🤖 AI Summary
This work addresses the critical limitation of existing generative retrieval methods, which prioritize relevance while neglecting document authority—leading to the propagation of unreliable information in high-stakes domains such as healthcare and finance. To bridge this gap, we propose AuthGR, a novel authority-aware generative retrieval framework that, for the first time, integrates authority modeling into generative retrieval. AuthGR leverages vision-language models to fuse multimodal signals for authority scoring and employs a three-stage progressive training strategy alongside a hybrid ensemble inference mechanism.
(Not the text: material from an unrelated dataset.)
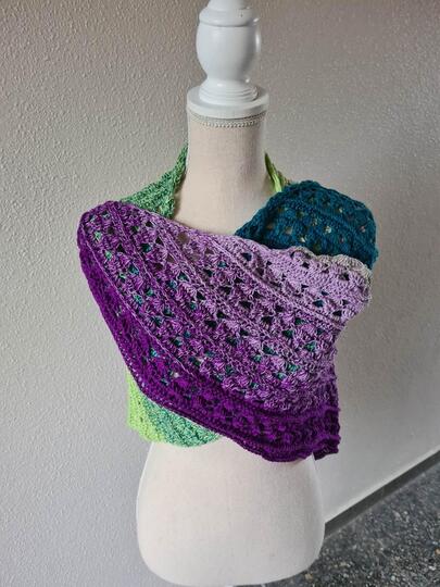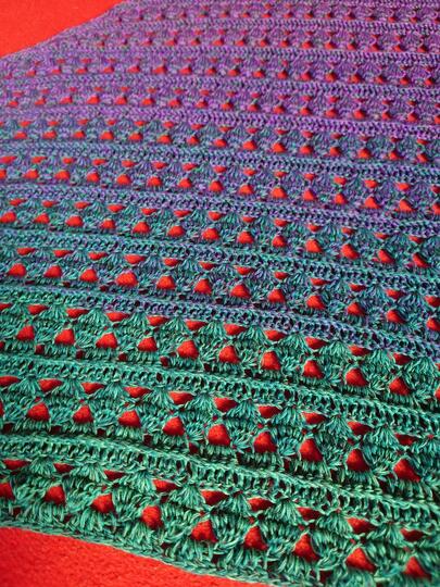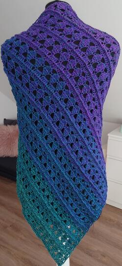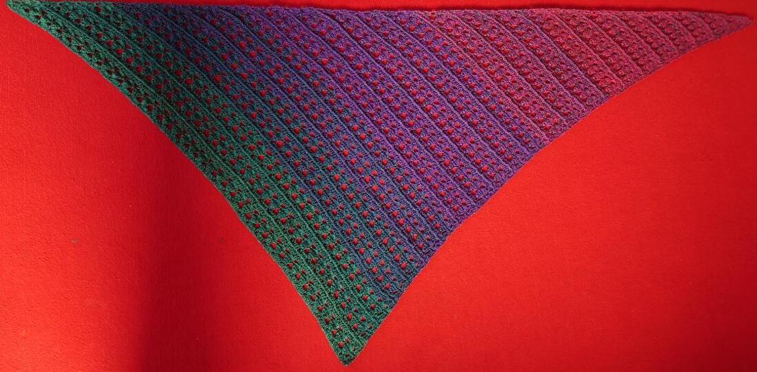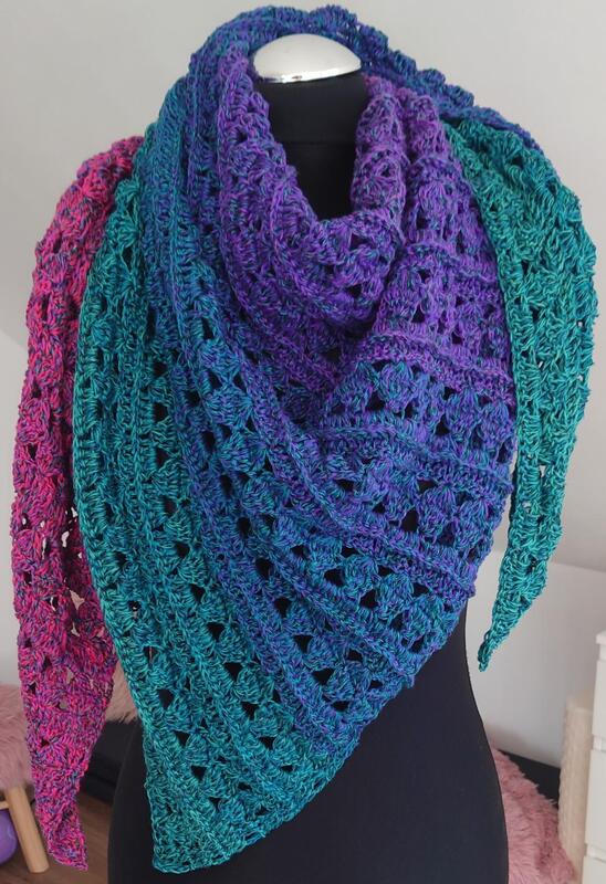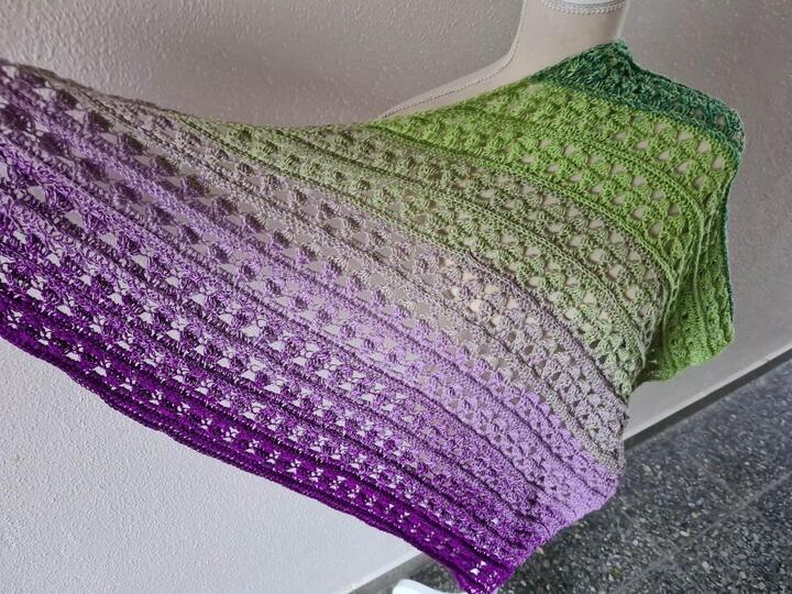 Die Anleitung zum Tuch besteht aus schriftlich ausformulierten Reihen und beinhaltet eine Häkelschrift.
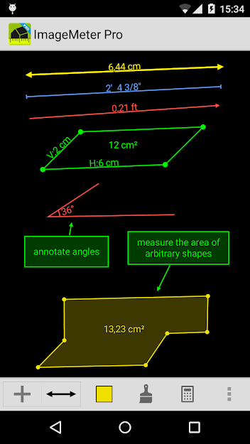 Requirements: 4.0+Overview: ImageMeter lets you measure dimensions, angles and areas in your images with ease. No more need to draw a sketch of your new apartment in order to plan the new furniture. Simply take a photo and annotate it with the dimensions on your phone or pad.

Experimental results demonstrate that a 3B-parameter AuthGR model matches the offline performance of a 14B baseline, while large-scale online A/B tests and human evaluations confirm its significant improvements in user engagement and result reliability.
📝 Abstract
Generative information retrieval (GenIR) formulates the retrieval process as a text-to-text generation task, leveraging the vast knowledge of large language models. However, existing works primarily optimize for relevance while often overlooking document trustworthiness. This is critical in high-stakes domains like healthcare and finance, where relying solely on semantic relevance risks retrieving unreliable information. To address this, we propose an Authority-aware Generative Retriever (AuthGR), the first framework that incorporates authority into GenIR. AuthGR consists of three key components: (i) Multimodal Authority Scoring, which employs a vision-language model to quantify authority from textual and visual cues; (ii) a Three-stage Training Pipeline to progressively instill authority awareness into the retriever; and (iii) a Hybrid Ensemble Pipeline for robust deployment. Offline evaluations demonstrate that AuthGR successfully enhances both authority and accuracy, with our 3B model matching a 14B baseline. Crucially, large-scale online A/B tests and human evaluations conducted on the commercial web search platform confirm significant improvements in real-world user engagement and reliability.